As we struggle to adjust to our “new normal” as a community and work through our economic challenges, many are considering how our visitor industry should look coming out of our economic slumber. As former Gov. George Ariyoshi challenged us to think through decades ago: What is the Hawaii that we all prefer?
Over the course of the last few months, with tourism at a standstill and folks spending time away from the workplace, we have come to appreciate the uncrowded streets, beaches, parks, malls and other public spaces. And, discussion has ensued as to whether “less is more” in terms of the volume of visitors and what kind of visitor is preferred.
Timesharing should be considered as one part of the equation.
Why timeshare? Studies over decades have shown that the timeshare visitor has a higher annual income, is more highly educated, is more likely to return to Hawaii, and spends more outside of the resort than other types of visitors. This equates to more money being spent in Hawaii by a lesser number of visitors. Hawaii would enjoy the same economic benefits from fewer people, thus placing less strain on our precious infrastructure and resources.
Why timeshare? Timeshare resorts are more resilient. When disaster hits, they are the first to return to operation, thus providing accelerated recovery to impacted communities. This was proven out when Hurricane Iniki hit Kauai in 1992. Kauai was devastated. It was the timeshare industry that came back first. This is because the visitors that stay in those resorts are primarily owners who take pride in their property. They wanted to come to their second home, and made sure it was rebuilt as quickly as possible.

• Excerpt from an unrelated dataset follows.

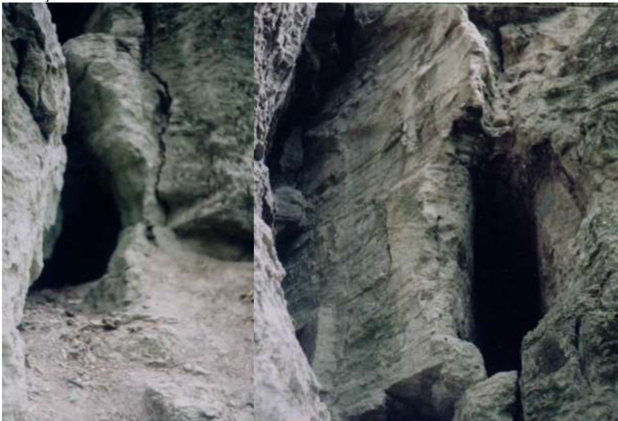
Мал. 3. Печерний язичницький та християнський комплекс “Монастир” на притоці Дністра ріці Бистриця біля міста Галича.1.Нижня печера. 2.Верхня печера. Основного входу.

В 70 поч. - 80 років XX століття, автор даного дослідження, юнаком, а опісля студентом історичного факультету Прикарпатського державного університету, вперше декілька разів відвідав з археологічно-пошуковою метою цю пам'ятку. Вона надовго залишилася своєю величчю і загадковістю в пам'яті без пояснення, хоча уже тоді широко була відома під назвою “Монастир”, яку автор в той час зафіксував на фото(Мал.1) [9, с.225-275; с.176-179; с.18-22; с.383-385; с.280-289; с. 5; с.6; с.99-103; с.729-731].

While hotel occupancies were down in the 20-30% range statewide after Iniki, timeshare resort occupancy enjoyed 70-80% occupancy in the four months after Iniki hit. And on the island of Maui, occupancy post-Iniki actually went up 1% year over year.
So as our elected and appointed officials contemplate resiliency, sustainability and economic diversification over the course of the next few months, it would behoove all to consider timeshare as an alternative that provides (i) a stable and preferred visitor base, (ii) resiliency, and (iii) proven stability over the long term. Our timeshare industry presently comprises just 15% of the available inventory.
If that percentage can be increased to 25-30%, it would help to provide a hedge against the impacts of catastrophic events like the one we are currently living through. These are the resorts that will come back more quickly, and would offer the promise of a quick rebound, thus providing our people with jobs and an income to support themselves and their families.
Let’s be aggressive to create the future that we prefer. Let’s take steps now so that when the next calamity hits Hawaii, we can face it with confidence knowing that economic vitality will be just around the corner.
Mitchell Imanaka chairs the American Resort Development Association of Hawaii.